Interview with Kwangmo Lee, Part 1

Spring in my Hometown

by Donato Totaro, Peter Rist Volume 3, Issue 3 / March 1999 16 minutes (3838 words)

Korea was the spotlighted nation at the 1998 Montreal World Film Festival (August 27-September 7). One of the nine Korean films featured was Lee Kwangmo’s Spring in my Hometown , a poignant story about the effects of the Korean War on two neighboring families in a small village in South Korea. The story, which begins in the summer of 1952, is told principally through the relationship of two boyhood best friends, Chang Hee and Sung Min. Their blissful friendship becomes victim to the ideological crossfire between a Soviet Union backed North Korea and an American backed South Korea. Sung Min’s father, Mr. Chey, gets a job on the US army base and exploits his situation by smuggling goods from the base and serving as a pimp for the US soldiers. Meanwhile Chang Hee’s father has been absent for most of the war, leaving the mother to fend for her two children. However, the friendship between the two boys is not affected by the contrasting fortunes of the two families. One day while Chang Hee and Sung Min are investigating the village’s abandoned mill they see Chang Hee’s mother prostituting herself with a soldier. A few days later the mill is set on fire and Chang Hee goes missing. A year later the body of an unidentified boy is fished out of the water. Mr. Chey is caught stealing on the army base and is doused in red paint by the US army. The armistice is signed and the two families are left to pick up their shattered emotional pieces and start life anew. Director Kwangmo Lee presents these story fragments in a unique, contemplative style that underscores narrative enunciation. This aesthetic includes the use of static long takes, the predominance of long and extreme long shots, and a subtly symbolic use of color and landscape. The highly personable Kwangmo Lee was one of many invited Korean guests of the festival. We interviewed the director on September 2, 1998. Thanks must go to Korean born Montreal resident Mi-Jeong Lee, head of Cine-Asia , for making this interview possible. Mi-Jeong Lee was present in the event any translation was necessary, but we soon discovered that Kwangmo Lee’s English was very fine indeed.

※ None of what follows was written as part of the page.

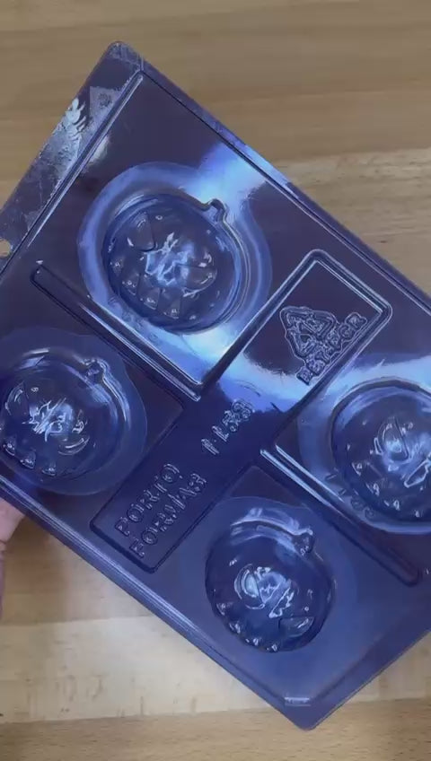Create spooky Halloween treats with this professional-quality Porto Formas 3-part chocolate mold. Featuring a detailed jack-o’-lantern face design, this mold allows you to make perfectly shaped, hollow chocolate pumpkins that can be filled with candy, sprinkles, or other surprises.

DT: Can we begin with some background?

KL: I studied English Literature at the University of Korea and my major was T.S. Eliot, especially modern poetry. From my high school years my dream was to become a poet, which is why I studied English Literature and Modern English poetry. I suddenly realized that the written word is not the medium for me because I always thought there was a gap between what the poet was trying to say and what the reader gets from the poetry. This gap is too much.

PR: Is the gap too much in English, whereas in Korean because the written language is more visual, there’s not so much of a gap?

KL: No I don’t mean that. More generally.

DT: You mean interpretation?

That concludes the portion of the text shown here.